Fifth Avenue eBook

Arthur Bartlett Maurice
This eBook from the Gutenberg Project consists of approximately 270 pages of information about Fifth Avenue.

Fifth Avenue eBook

Arthur Bartlett Maurice
This eBook from the Gutenberg Project consists of approximately 270 pages of information about Fifth Avenue.

Just eleven months to a day before the last entry, under date of May 30, 1850, Hone commented on the swiftly changing aspect of the city.  To him the renovation of Broadway seemed to be an annual occurrence.  If the houses were not pulled down they fell of their own accord.  He wrote:  “The large, three-story house, corner of Broadway and Fourth Street, occupied for several years by Mrs. Seton as a boarding-house, fell today at two o’clock, with a crash so astounding that the girls, with whom I was sitting in the library, imagined for a moment that it was caused by an earthquake.  Fortunately the workmen had notice to make their escape.  No lives were lost and no personal injury was sustained.

“The mania for converting Broadway into a street of shops is greater than ever.  There is scarcely a block in the whole extent of this fine street of which some part is not in a state of transmutation.  The City Hotel has given place to a row of splendid stores.

“Stewart is extending his stores to take in the whole front from Chambers to Reade Street; this is already the most magnificent dry-goods establishment in the world.  I certainly do not remember anything to equal it in London or Paris; with the addition now in progress this edifice will be one of the ‘wonders’ of the Western world.  Three or four good brick houses on the corner of Broadway and Spring Street have been levelled, I know not for what purpose—­shops, no doubt.  The houses—­fine, costly edifices, opposite to me extending from Driggs’s corner down to a point opposite to Bond Street—­are to make way for a grand concert and exhibition establishment.”

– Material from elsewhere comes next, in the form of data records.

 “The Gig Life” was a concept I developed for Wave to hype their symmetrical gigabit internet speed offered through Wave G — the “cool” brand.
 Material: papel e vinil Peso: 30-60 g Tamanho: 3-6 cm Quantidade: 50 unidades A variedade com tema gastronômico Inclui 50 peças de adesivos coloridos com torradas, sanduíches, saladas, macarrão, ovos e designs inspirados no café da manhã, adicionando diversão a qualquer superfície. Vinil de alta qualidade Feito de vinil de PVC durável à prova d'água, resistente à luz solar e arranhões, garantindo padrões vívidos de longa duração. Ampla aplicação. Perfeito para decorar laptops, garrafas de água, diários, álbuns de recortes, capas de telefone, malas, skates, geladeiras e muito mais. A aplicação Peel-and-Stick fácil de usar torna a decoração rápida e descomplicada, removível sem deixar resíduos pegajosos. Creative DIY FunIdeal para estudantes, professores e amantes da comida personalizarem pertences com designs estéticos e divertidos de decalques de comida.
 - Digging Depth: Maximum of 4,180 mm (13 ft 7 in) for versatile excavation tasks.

It is far from being all mellowness and amiability, that Diary.  Hone had his prejudices and dislikes and strong political opinions.  In the portraits that have been preserved there is the suggestion of intolerance and smug self-satisfaction.  Also life did not turn out quite so rosy as it promised in 1828, when he retired from business with a handsome competence.  In 1836, during the commercial depression, he met with financial reverses which forced him to return to the game of money-getting.  He became president of the American Mutual Insurance Company, which was ruined by the great fire of July 19, 1845.

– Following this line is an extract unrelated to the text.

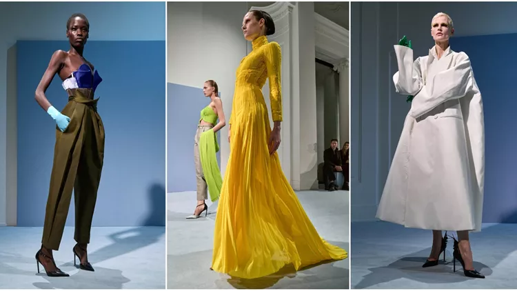 Ένα ντραπέ halter-neck φόρεμα μοιράζεται τη σιλουέτα του μ' ένα εσωτερικό catsuit, μία chic μαύρη ολόσωμη φόρμα διακρίνεται για τους άριστα στρογγυλεμένους ώμους της, ένα μάξι coatdress ξεχωρίζει για τα έξυπνα cutouts και την εσωτερική φόδρα την οποία φωτίζουν οι αποχρώσεις του lime και του τιρκουάζ. Επιπλέον, ένα μάξι πλισέ ανάλαφρο high neck φόρεμα σε φωτεινό κίτρινο έκανε την εμφάνισή του στην πασαρέλα πλάι πλάι μ' ένα σύνολο από tailored παντελόνι και πράσινο πλισέ bustier με ουρά, ενώ σε μία από τις πιο εκπληκτικές στιγμές της πασαρέλας ένα μοντέλο εμφανίζεται φορώντας παλτό φτιαγμένο από καρφίτσες – ως ένας φόρος τιμής στο πολύτιμο αυτό εργαλείο των ατελιέ.

“A fire has occurred,” he recorded in the entry of that date, “the loss of which is probably $5,000,000; several of the insurance companies are ruined, and all are crippled.  My office, I fear, is in the former category.  We have lost between three and four hundred thousand dollars, which is more than we can pay.

“This is a hard stroke for me.  I was pleasantly situated with a moderate support for my declining years, and now, ‘Othello’s occupation’s gone.’”

But he met his reverses in a courageous manner, and in 1849 President Taylor appointed him Naval Officer of the Port of New York, a place which he held until his death.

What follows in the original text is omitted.